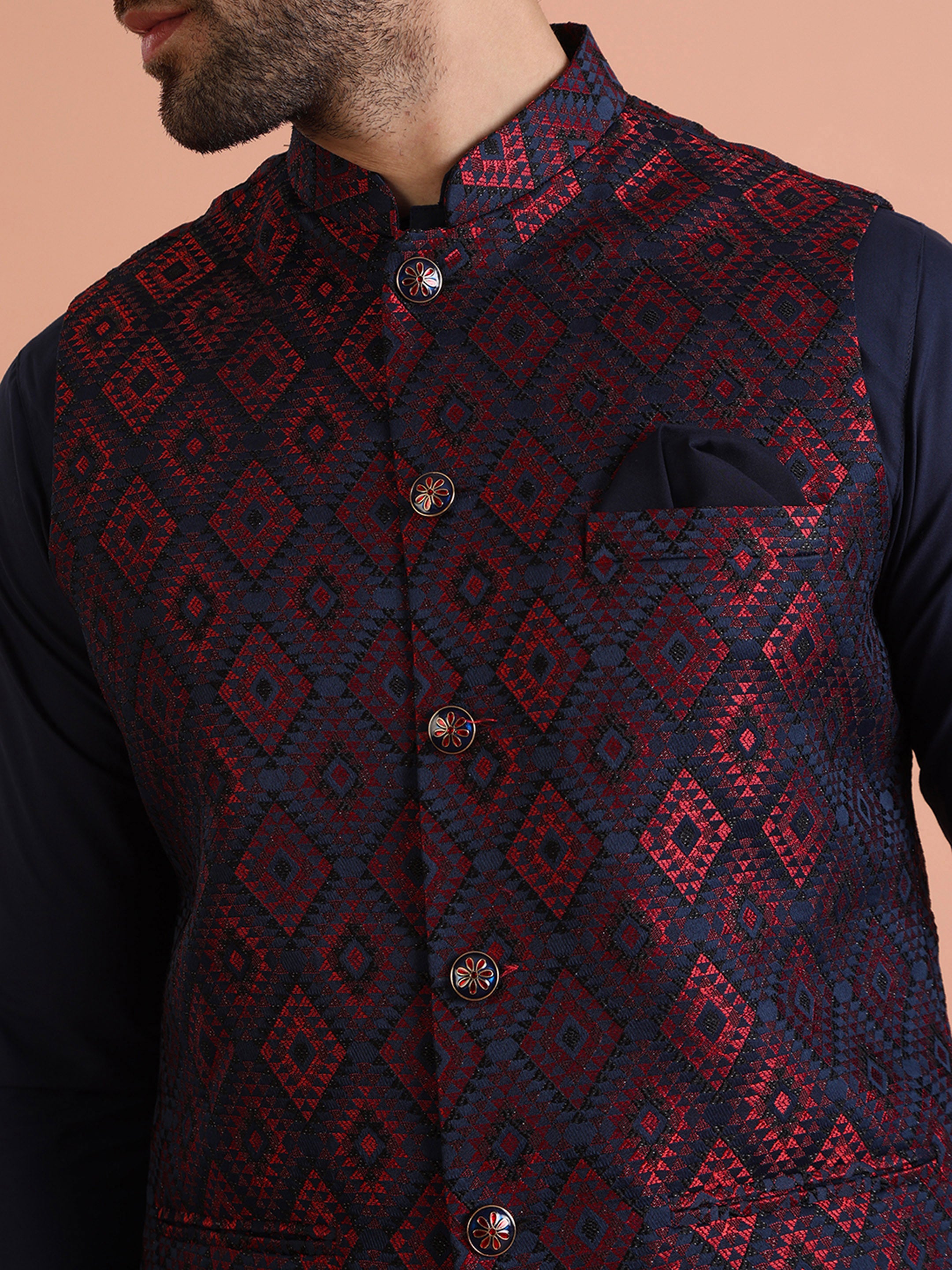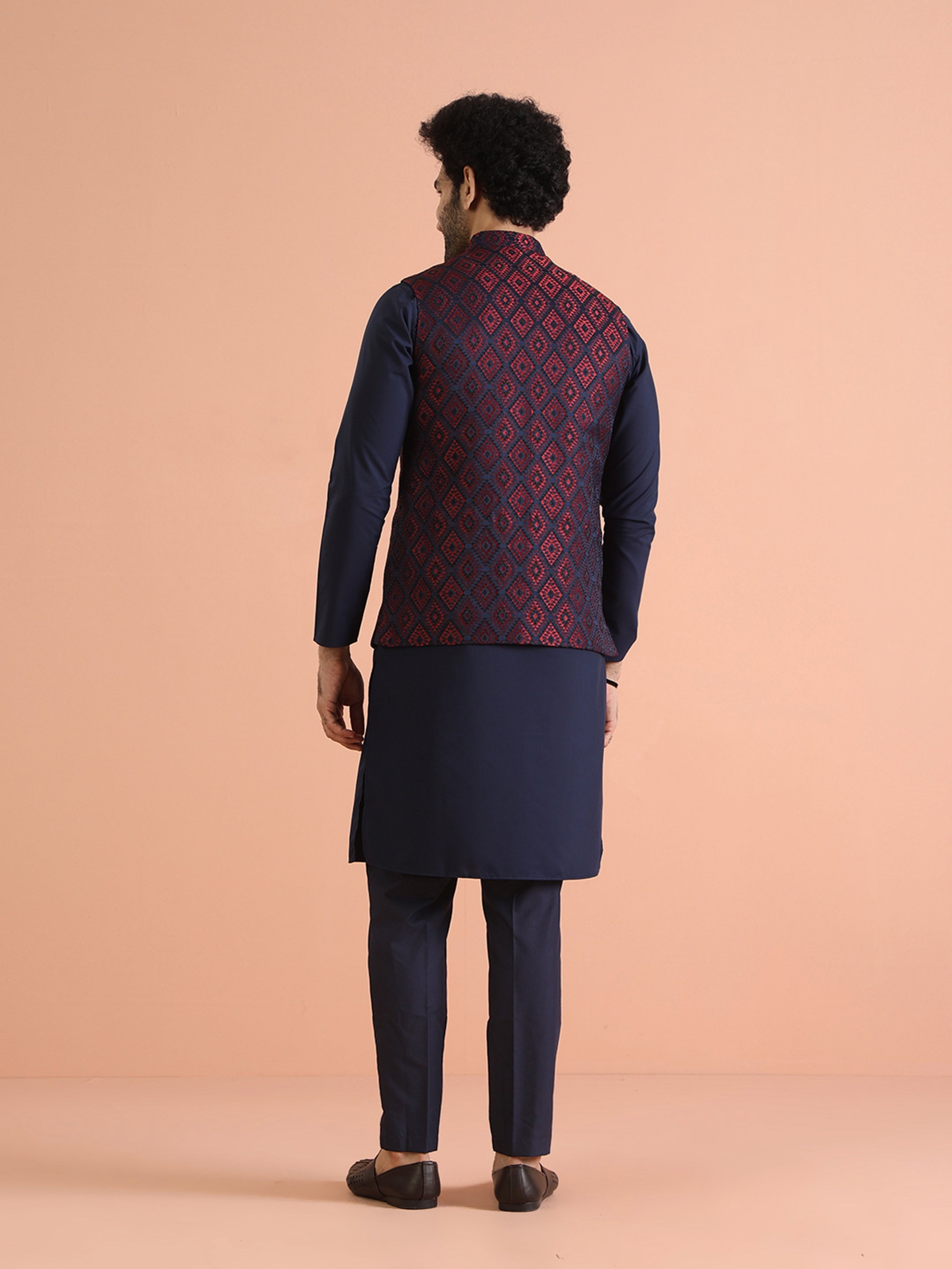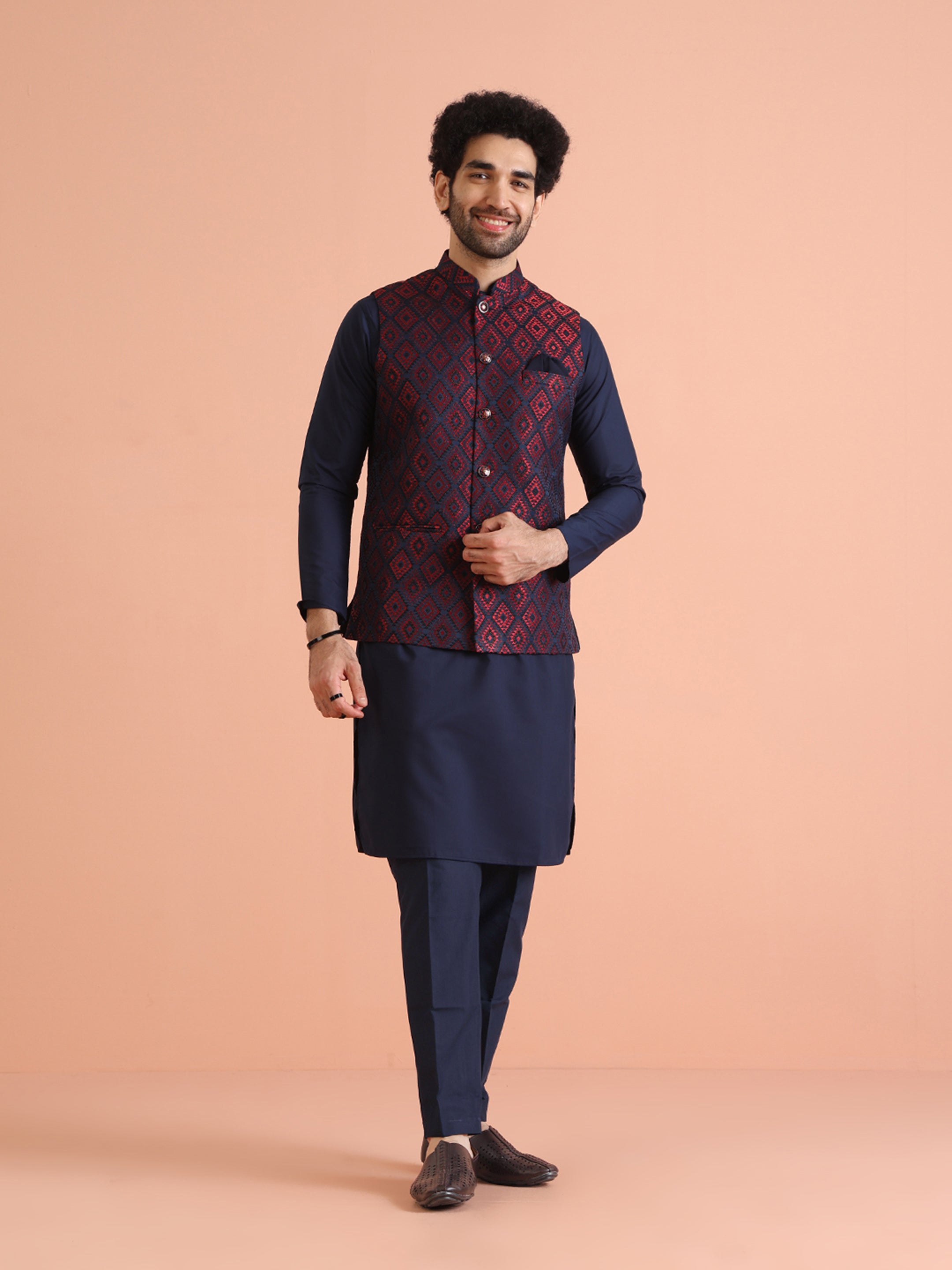 Experience classic elegance with this Men's Navy Blue Color Silk Blend Kurta Jacket Trouser Set. The Jacquard Pattern adds a refined touch, while the breathable fabric ensures comfort throughout the day. Ideal for festive events or casual wear, this Kurta Jacket Trouser Set is a wardrobe essential.
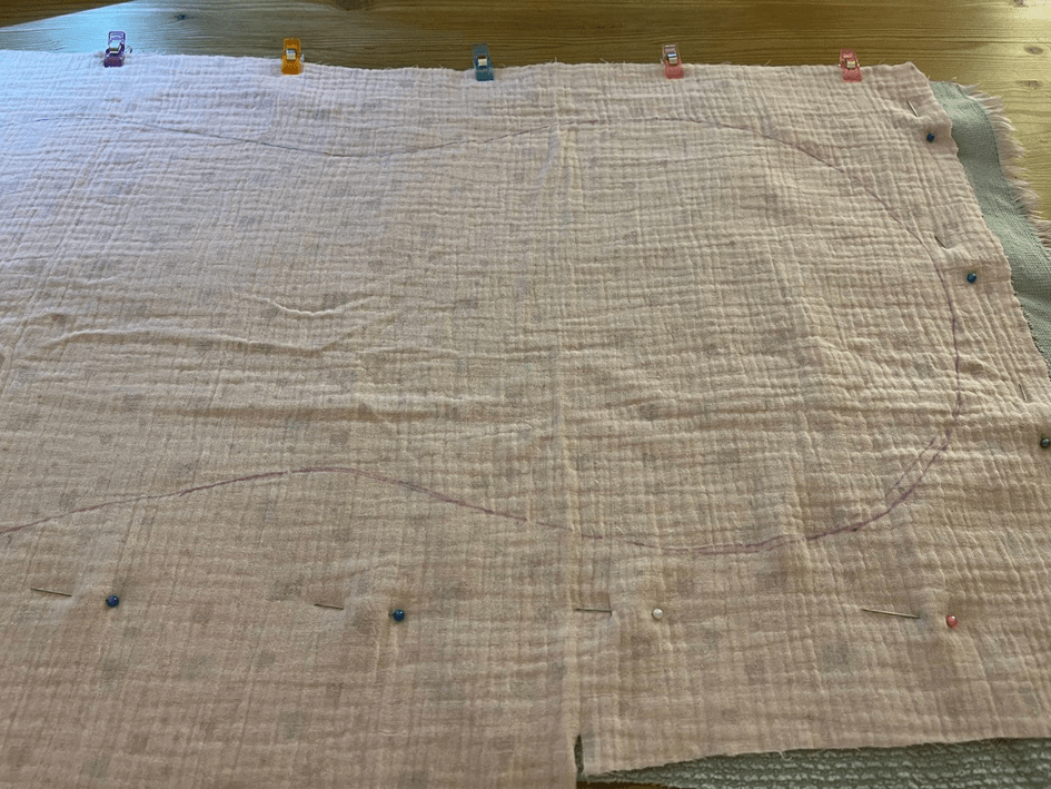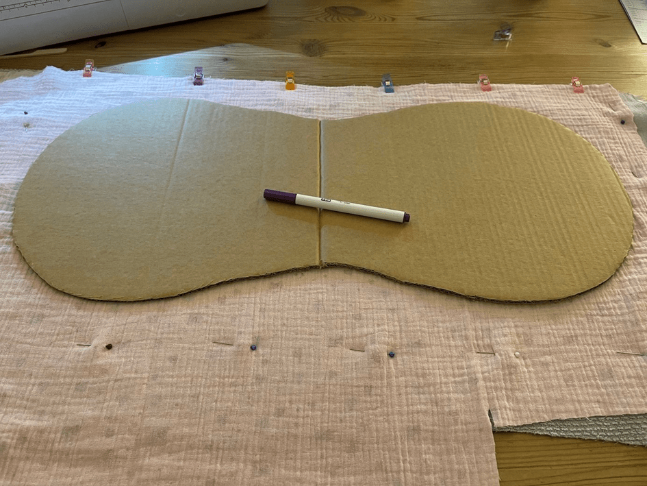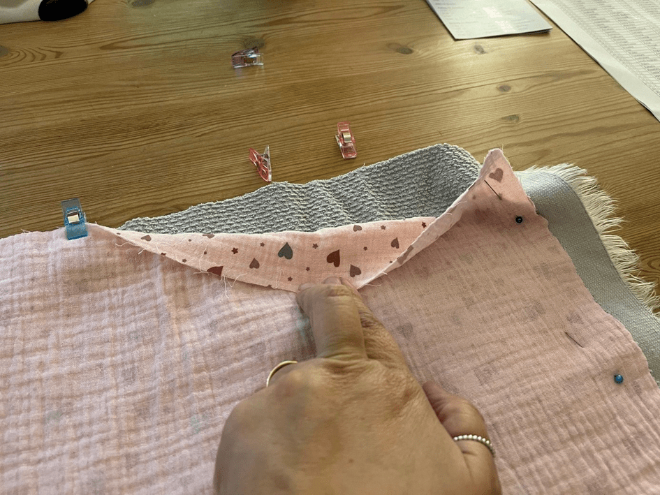 Nehmt die Stoffstücke und legt sie rechts auf rechts (schönen Seiten), genau an den Ecken und Kanten aufeinander. Stellt mithilfe von Klammern oder Nadeln sicher, dass der Stoff nicht verrutschen kann.
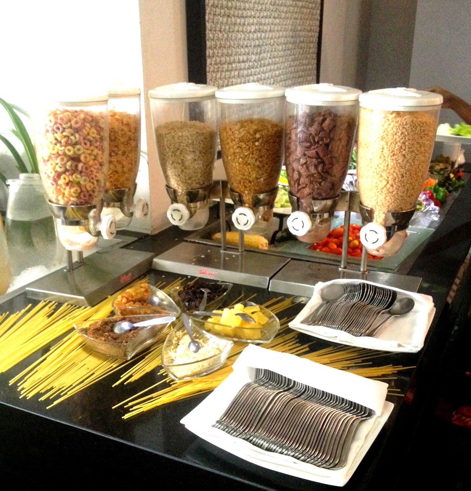 Even the cereal station had 6 different cereal types for people to choose from. Also, check out the toppings! There’s dried raisins, nuts and I think Oreo power?
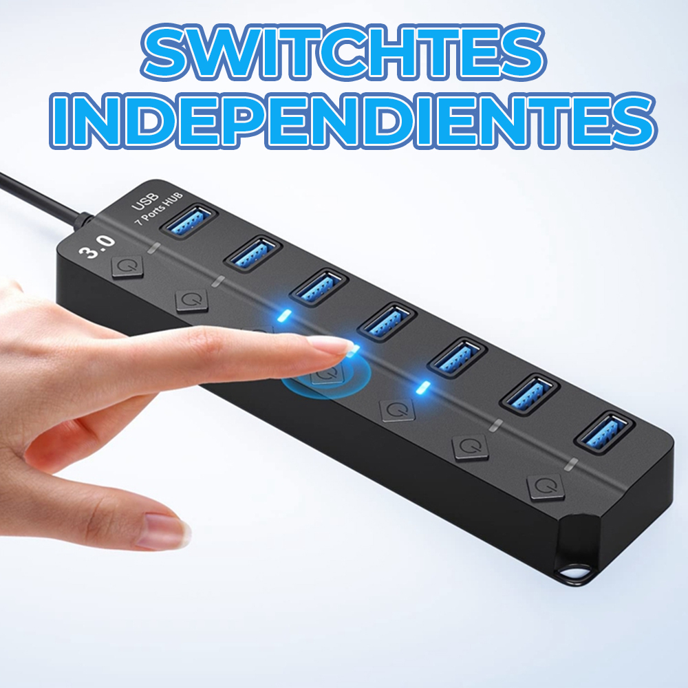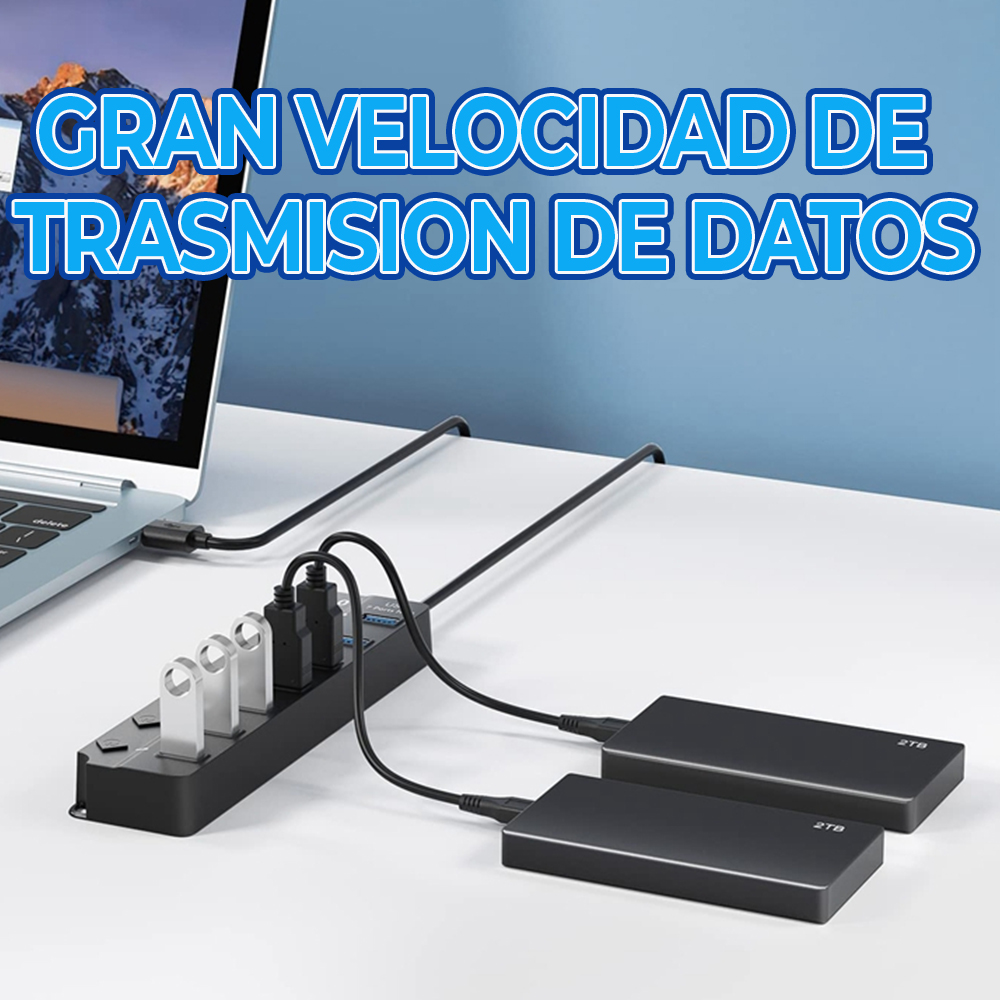7 puertos USB 3.0 de alta velocidad: amplía un solo puerto a siete; transfiere datos hasta 5 Gbps (teórico) para memorias USB, teclados, ratones, impresoras y más.
● ● ● ● ●
Task brief: Please return only the lines from the one holding "Nehmt die Stoffstücke" through the end of the data, both ends included; do not copy any pictures.

Expected answer:
 Nehmt die Stoffstücke und legt sie rechts auf rechts (schönen Seiten), genau an den Ecken und Kanten aufeinander. Stellt mithilfe von Klammern oder Nadeln sicher, dass der Stoff nicht verrutschen kann.
 Even the cereal station had 6 different cereal types for people to choose from. Also, check out the toppings! There’s dried raisins, nuts and I think Oreo power?
7 puertos USB 3.0 de alta velocidad: amplía un solo puerto a siete; transfiere datos hasta 5 Gbps (teórico) para memorias USB, teclados, ratones, impresoras y más.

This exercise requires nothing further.